I was playing around with Reflection.Emit and found about about the little-used EmitCalli
. Intrigued, I wondered if it's any different from a regular method call, so I whipped up the code below:
using System;
using System.Diagnostics;
using System.Reflection.Emit;
using System.Runtime.InteropServices;
using System.Security;
[SuppressUnmanagedCodeSecurity]
static class Program
{
const long COUNT = 1 << 22;
static readonly byte[] multiply = IntPtr.Size == sizeof(int) ?
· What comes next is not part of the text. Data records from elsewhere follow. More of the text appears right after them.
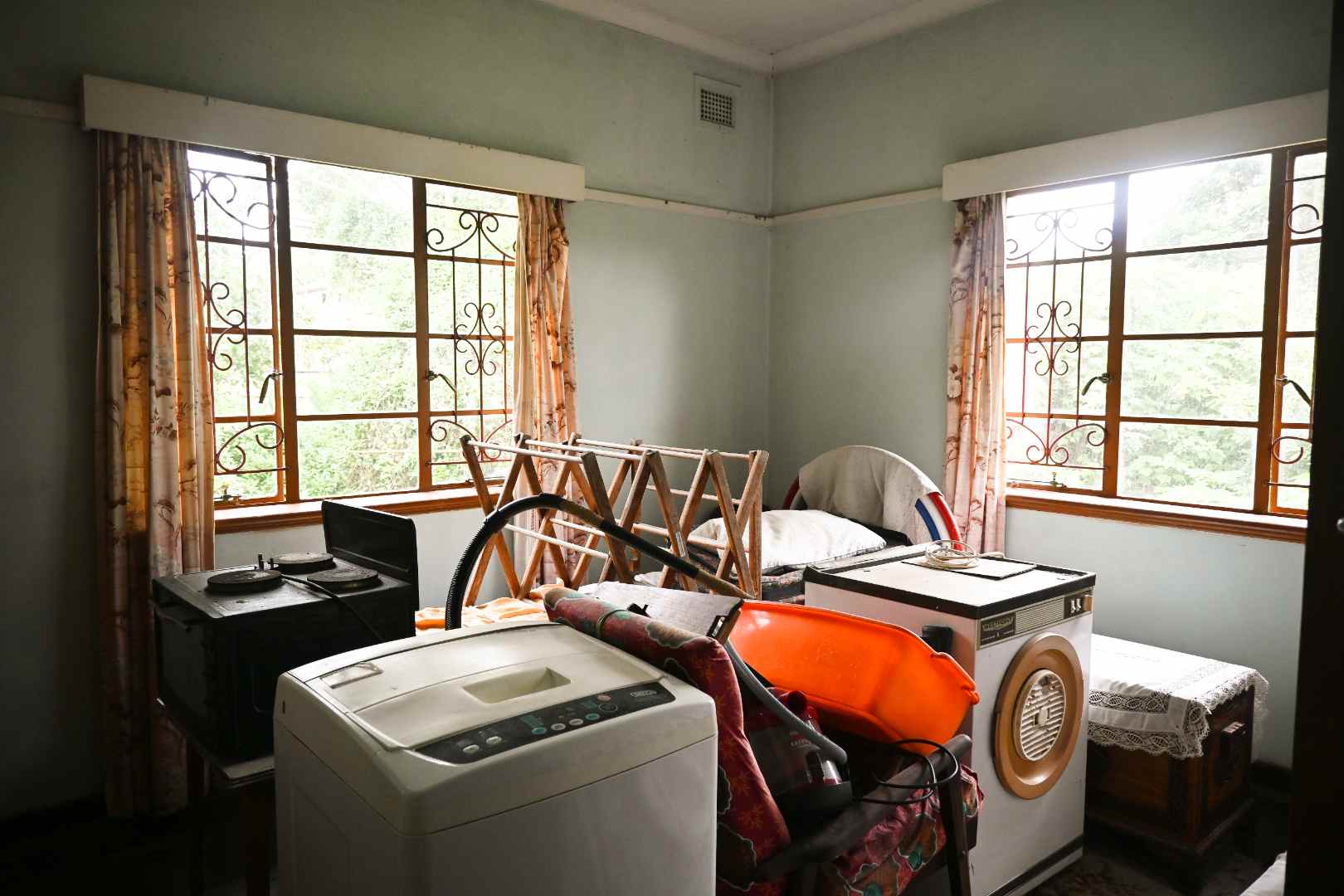 The garden is overgrown and unkempt, but the sharp eye finds partitioned garden beds, slate pathways, beautiful Azalias and additional lawn space. The boundaries are fenced, and forgotten. Entrance through an electric gate needing restoration.
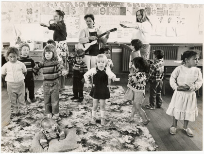 Children and teachers outside at Phillipstown Kindergarten on St ...
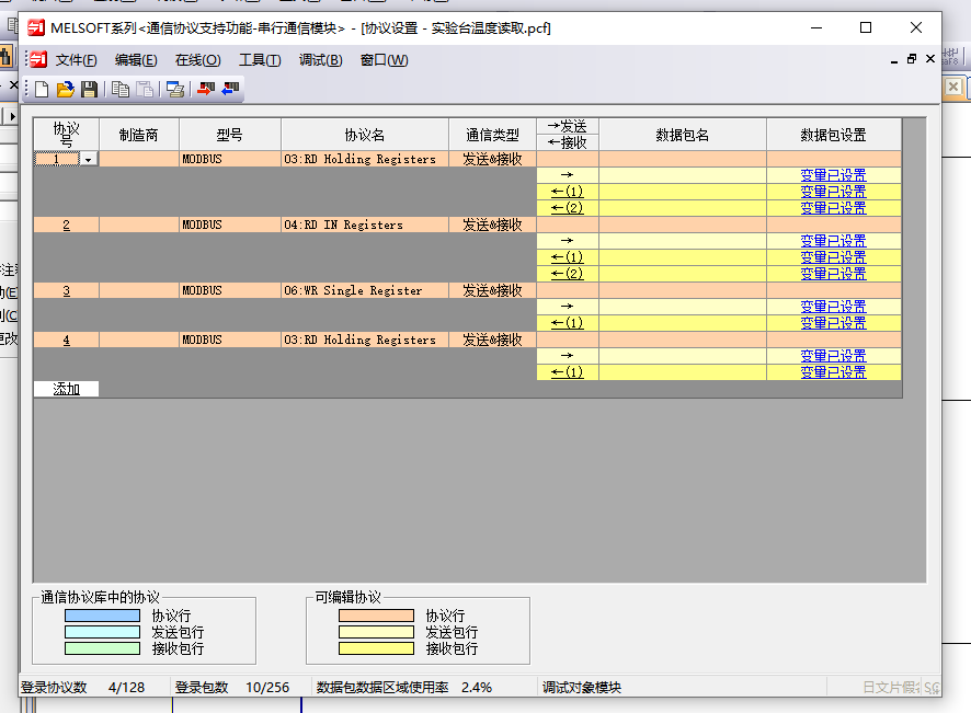 引用引用第3楼zx1234于2024-06-02 19:01发表的 :已经确认过第1个温控仪通讯站号是1,对应的温度显示寄存器是d500,但plc里的d500没找到相关的读取指令d500温控仪1温度显示/d1154温控仪1温度设定d501温控仪2显示/d1155温控仪2设定d502温控仪3显示/d1156温控仪3设定d503温控仪4显示/d1157温控仪4设定.......
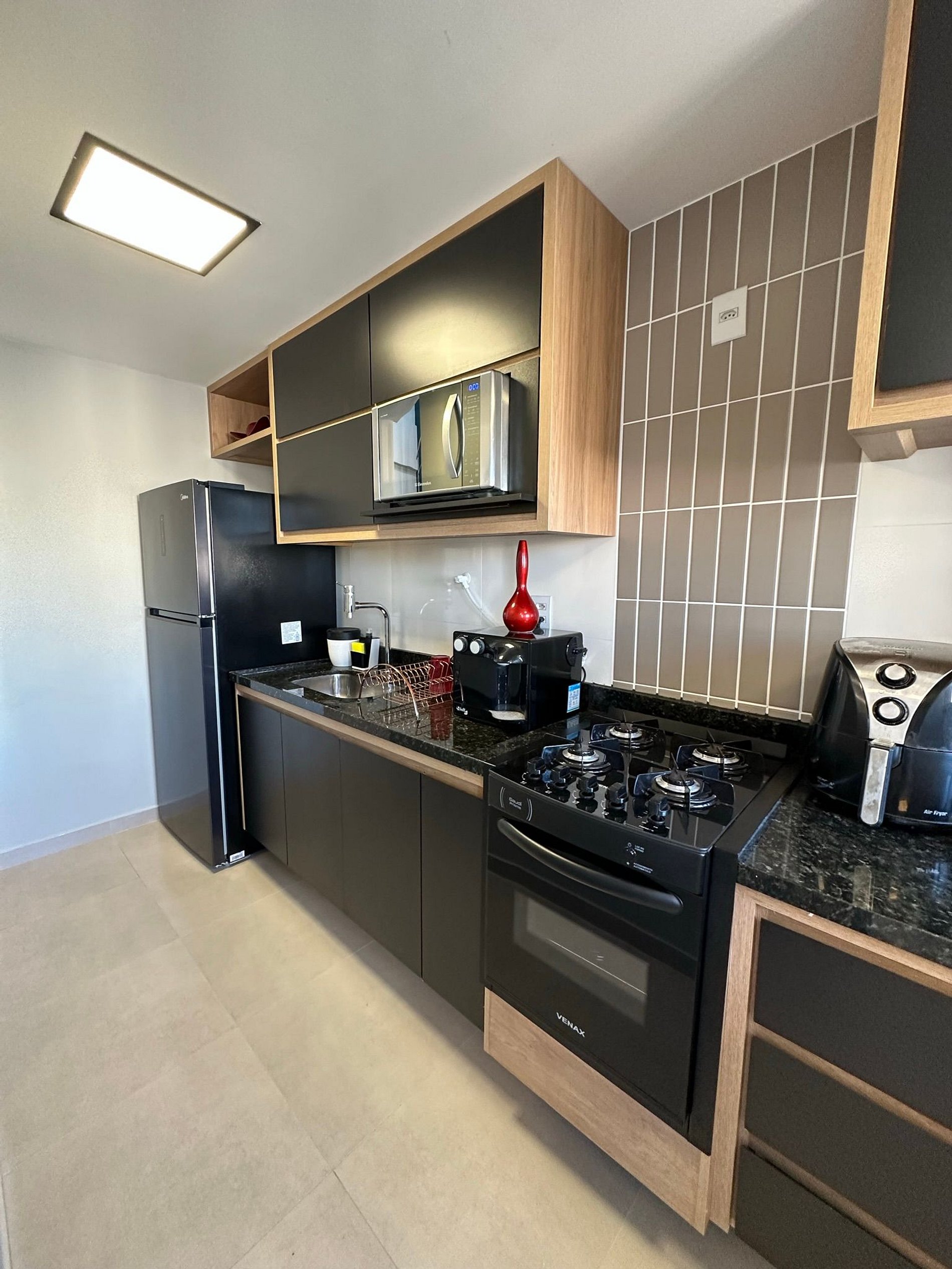 Foi uma hospedagem como era esperado, com muito conforto. O apartamento é muito bom, condiz com o divulgado. Logo ao entrar sentimos o cuidado ao nos receber, ambiente cheiroso, toalhas macias e felpudas, lençóis de ótima qualidade, limpeza primorosa, cozinha equipada com eletrodomésticos essenciais, ressalvando que se forem cozinhar, as panelas podem ser insuficientes. Senti falta de potes para armazenar pequenas quantidades de comida. Para famílias com crianças pequenas não indico, pois as vidraças não tem proteção. Um ponto a ser observado é que o blackout das cortinas não impede a claridade extrema logo ao nascer do sol. A jacuzzi é grande e muito limpa. A área superior poderia ser melhorada, colocando cadeiras de praia para as pessoas que optassem por permanecerem naquele espaço, tomando sol e apreciando um bom churrasco. Os funcionários do condomínio são educados e prestativos.

new byte[] { 0x8B, 0x44, 0x24, 0x04, 0x0F, 0xAF, 0x44, 0x24, 0x08, 0xC3 }
: new byte[] { 0x0f, 0xaf, 0xca, 0x8b, 0xc1, 0xc3 };
static void Main()
{
var handle = GCHandle.Alloc(multiply, GCHandleType.Pinned);
try
{
//Make the native method executable
uint old;
VirtualProtect(handle.AddrOfPinnedObject(),
(IntPtr)multiply.Length, 0x40, out old);
var mulDelegate = (BinaryOp)Marshal.GetDelegateForFunctionPointer(
handle.AddrOfPinnedObject(), typeof(BinaryOp));
var T = typeof(uint); //To avoid redundant typing
//Generate the method
var method = new DynamicMethod("Mul", T,
new Type[] { T, T }, T.Module);
var gen = method.GetILGenerator();
gen.Emit(OpCodes.Ldarg_0);
gen.Emit(OpCodes.Ldarg_1);
gen.Emit(OpCodes.Ldc_I8, (long)handle.AddrOfPinnedObject());
gen.Emit(OpCodes.Conv_I);
gen.EmitCalli(OpCodes.Calli, CallingConvention.StdCall,
T, new Type[] { T, T });
gen.Emit(OpCodes.Ret);
var mulCalli = (BinaryOp)method.CreateDelegate(typeof(BinaryOp));
var sw = Stopwatch.StartNew();
for (int i = 0; i < COUNT; i++) { mulDelegate(2, 3); }
Console.WriteLine("Delegate: {0:N0}", sw.ElapsedMilliseconds);
sw.Reset();
sw.Start();
for (int i = 0; i < COUNT; i++) { mulCalli(2, 3); }
Console.WriteLine("Calli: {0:N0}", sw.ElapsedMilliseconds);
}
finally { handle.Free(); }
}
delegate uint BinaryOp(uint a, uint b);
[DllImport("kernel32.dll", SetLastError = true)]
static extern bool VirtualProtect(
IntPtr address, IntPtr size, uint protect, out uint oldProtect);
}
I ran the code in x86 mode and x64 mode. The results?
32-bit:
- Delegate version: 994
- Calli version: 46
64-bit:
- Delegate version: 326
- Calli version: 83
I guess the question's obvious by now... why is there such a huge speed difference?
Update:
I created a 64-bit P/Invoke version as well:
- Delegate version: 284
- Calli version: 77
- P/Invoke version: 31
Apparently, P/Invoke is faster... is this a problem with my benchmarking, or is there something going on I don't understand? (I'm in release mode, by the way.)